After the first fortnight this existence in an atmosphere of disease became absolutely terrible to me. Not an hour of the day passed that I did not imagine some symptom of smallpox, and every morning when we met at breakfast I glanced at Emma with anxiety. The shadow of the thing lay deep upon my nerves, and I knew well that if I stopped there much longer I should fall a victim to it in the body. In this emergency, by means of Antonio, I opened negotiations with the officer of the rurales , and finally, after much secret bargaining, it was arranged that in consideration of a sum of two hundred dollars – for by good luck I had escaped from the brigands with my money – our flight through the cordon of guards should not be observed in the darkness.

We were to start at nine o’clock on a certain night. At a quarter to that hour I went to the stable to see that everything was ready, and in the courtyard outside of it found Antonio seated against the water tank groaning and writhing with pains in the back. One looked showed me that he had developed the usual symptoms, so, feeling that no time was to be lost, I saddled the mules myself and took them round.

“Where is Antonio?” asked Emma as she mounted.

“He has gone on ahead,” I answered, “to be sure that the road is clear; he will meet us beyond the mountains.”

Poor Antonio! I wonder what became of him; he was a good fellow, and I hope that he recovered. It grieved me much to leave him, but after all I had my own safety to think of, and still more that of Emma, who had grown very dear to me. Perhaps one day I shall find him “beyond the mountains,” but, if so, that is a meeting from which I expect no joy.

The rest of our journey was strange enough, but it has nothing to do with this history. Indeed, I have only touched upon these long past adventures in a far land because they illustrate the curious fatality by the workings of which every important event of my life has taken place under the dreadful shadow of smallpox. I was born under that shadow, I wedded under it, I – but the rest shall be told in its proper order.

* * *

In the end we reached Mexico City in safety, and there Emma and I were married. Ten days later we were on board ship steaming for England.

Chapter 3

Sir John Bell

Now it is that I came to the great and terrible event of my life, which in its result turned me into a false witness and a fraud, and bound upon my spirit a weight of blood-guiltiness greater than a man is often called upon to bear. As I have not scrupled to show I have constitutional weaknesses – more, I am a sinner, I know it; I have sinned against the code of my profession, and have preached a doctrine I knew to be false, using all my skill and knowledge to confuse and pervert the minds of the ignorant. And yet I am not altogether responsible for these sins, which in truth in the first place were forced upon me by shame and want and afterwards by the necessities of my ambition. Indeed, in that dark and desperate road of deceit there is no room to turn; the step once taken can never be retraced.

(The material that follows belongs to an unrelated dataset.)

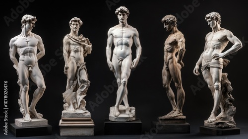 Five marble statues of nude men stand in a row against a black backdrop. The statues are different poses.

But if I have sinned, how much greater is the crime of the man who swore away my honour and forced me through those gateways? Surely on his head and not on mine should rest the burden of my deeds; yet he prospered all his life, and I have been told that his death was happy and painless. This man’s career furnishes one of the few arguments that to my sceptical mind suggest the existence of a place of future reward and punishment, for how is it possible that so great a villain should reap no fruit from his rich sowing of villainy? If it is possible, then verily this world is the real hell wherein the wicked are lords and the good their helpless and hopeless slaves.

* * *

Emma Becker when she became my wife brought with her a small dowry of about five thousand dollars, or a thousand pounds, and this sum we both agreed would be best spent in starting me in professional life. It was scarcely sufficient to enable me to buy a practice of the class which I desired, so I determined that I would set to work to build one up, as with my ability and record I was certain that I could do. By preference, I should have wished to begin in London, but there the avenue to success is choked, and I had not the means to wait until by skill and hard work I could force my way along it.